THE RECORDS Block Start
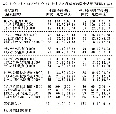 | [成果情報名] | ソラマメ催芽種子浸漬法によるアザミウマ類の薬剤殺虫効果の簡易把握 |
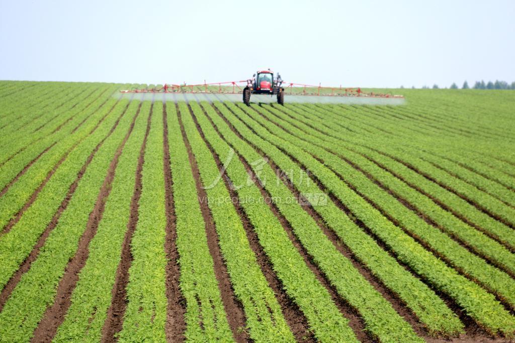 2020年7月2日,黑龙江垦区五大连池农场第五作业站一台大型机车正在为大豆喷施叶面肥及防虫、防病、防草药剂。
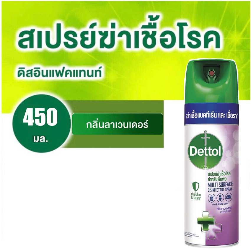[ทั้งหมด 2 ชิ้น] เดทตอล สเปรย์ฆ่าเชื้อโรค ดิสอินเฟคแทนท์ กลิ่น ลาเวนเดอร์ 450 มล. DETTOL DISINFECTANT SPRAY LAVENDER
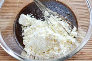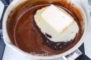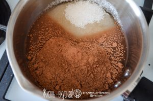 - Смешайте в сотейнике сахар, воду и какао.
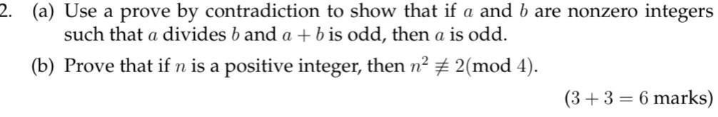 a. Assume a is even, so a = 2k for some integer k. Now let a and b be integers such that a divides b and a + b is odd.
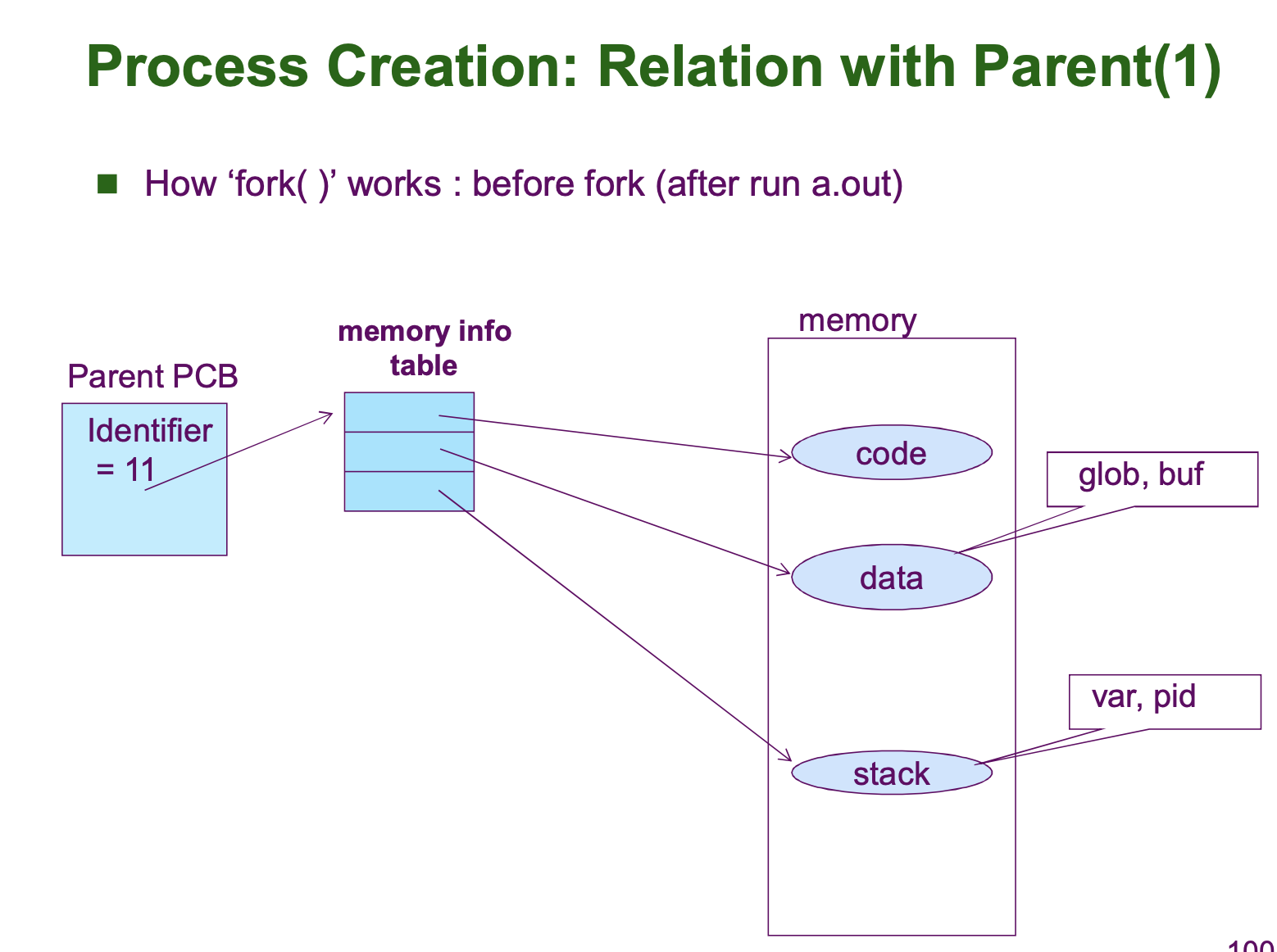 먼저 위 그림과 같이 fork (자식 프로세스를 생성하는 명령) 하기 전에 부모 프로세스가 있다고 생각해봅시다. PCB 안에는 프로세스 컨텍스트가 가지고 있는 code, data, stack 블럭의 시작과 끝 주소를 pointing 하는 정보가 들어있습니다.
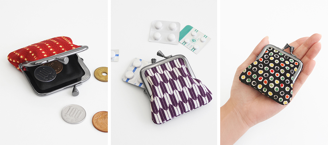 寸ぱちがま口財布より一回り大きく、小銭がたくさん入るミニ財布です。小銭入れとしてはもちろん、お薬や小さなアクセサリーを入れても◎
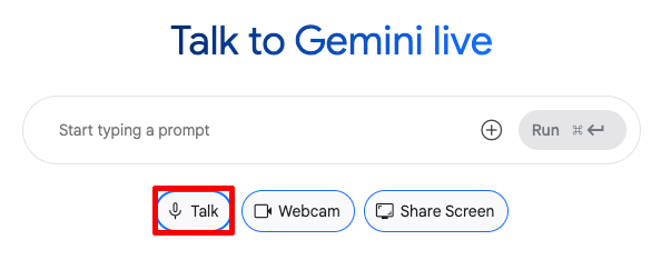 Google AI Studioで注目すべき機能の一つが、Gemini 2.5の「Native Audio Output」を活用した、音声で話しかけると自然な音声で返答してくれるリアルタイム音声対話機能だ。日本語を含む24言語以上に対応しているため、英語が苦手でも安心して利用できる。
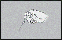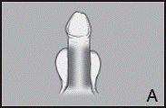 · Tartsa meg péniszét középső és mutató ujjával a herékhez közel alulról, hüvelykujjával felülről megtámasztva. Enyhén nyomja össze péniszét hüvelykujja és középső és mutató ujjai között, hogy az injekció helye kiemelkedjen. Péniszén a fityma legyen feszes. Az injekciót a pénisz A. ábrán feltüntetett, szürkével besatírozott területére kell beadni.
THE RECORDS Block End
THE RECORDS Block Start
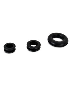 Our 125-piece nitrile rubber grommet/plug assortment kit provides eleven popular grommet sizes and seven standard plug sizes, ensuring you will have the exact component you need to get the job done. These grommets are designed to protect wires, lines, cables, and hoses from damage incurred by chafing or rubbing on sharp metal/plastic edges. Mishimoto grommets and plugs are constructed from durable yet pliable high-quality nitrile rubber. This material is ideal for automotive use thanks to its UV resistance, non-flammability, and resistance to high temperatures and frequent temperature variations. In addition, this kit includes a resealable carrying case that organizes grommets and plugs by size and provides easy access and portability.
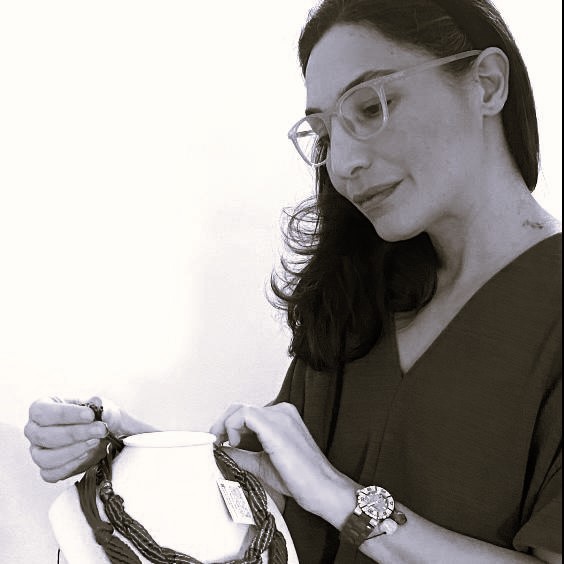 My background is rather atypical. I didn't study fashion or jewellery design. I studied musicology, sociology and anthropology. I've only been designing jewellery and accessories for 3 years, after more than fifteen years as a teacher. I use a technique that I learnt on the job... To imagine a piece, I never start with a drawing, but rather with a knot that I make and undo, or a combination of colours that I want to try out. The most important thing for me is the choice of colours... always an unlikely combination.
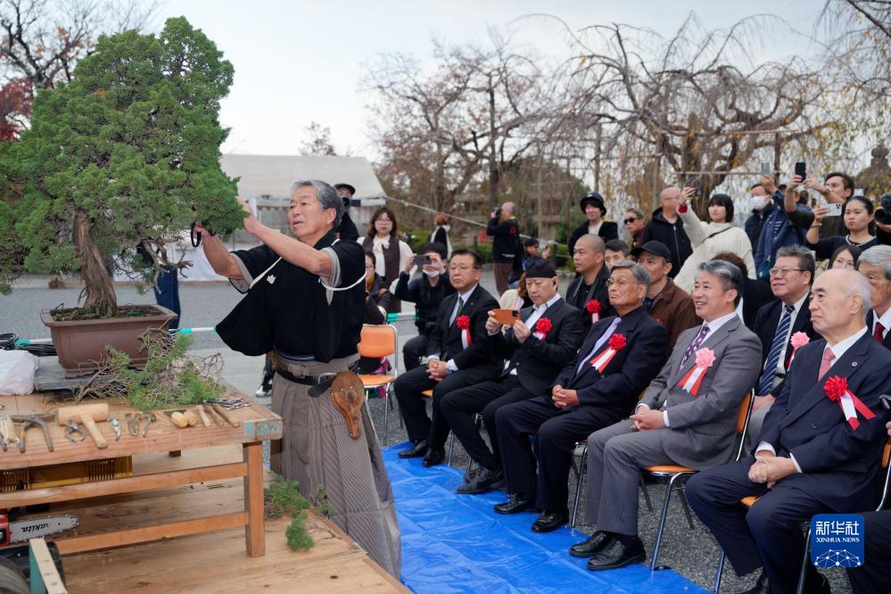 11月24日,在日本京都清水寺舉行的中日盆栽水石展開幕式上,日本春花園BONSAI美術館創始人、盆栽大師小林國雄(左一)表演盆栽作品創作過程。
THE RECORDS Block End
THE RECORDS Block Start
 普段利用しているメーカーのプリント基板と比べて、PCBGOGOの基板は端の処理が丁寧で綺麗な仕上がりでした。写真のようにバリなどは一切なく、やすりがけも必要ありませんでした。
THE RECORDS Block End
Pictures do not belong in the answer. Return the lines above starting at the one with "Our 125-piece nitrile" and ending at the one with "11月24日,在日本京都清水", both kept, exactly.

 Our 125-piece nitrile rubber grommet/plug assortment kit provides eleven popular grommet sizes and seven standard plug sizes, ensuring you will have the exact component you need to get the job done. These grommets are designed to protect wires, lines, cables, and hoses from damage incurred by chafing or rubbing on sharp metal/plastic edges. Mishimoto grommets and plugs are constructed from durable yet pliable high-quality nitrile rubber. This material is ideal for automotive use thanks to its UV resistance, non-flammability, and resistance to high temperatures and frequent temperature variations. In addition, this kit includes a resealable carrying case that organizes grommets and plugs by size and provides easy access and portability.
 My background is rather atypical. I didn't study fashion or jewellery design. I studied musicology, sociology and anthropology. I've only been designing jewellery and accessories for 3 years, after more than fifteen years as a teacher. I use a technique that I learnt on the job... To imagine a piece, I never start with a drawing, but rather with a knot that I make and undo, or a combination of colours that I want to try out. The most important thing for me is the choice of colours... always an unlikely combination.
 11月24日,在日本京都清水寺舉行的中日盆栽水石展開幕式上,日本春花園BONSAI美術館創始人、盆栽大師小林國雄(左一)表演盆栽作品創作過程。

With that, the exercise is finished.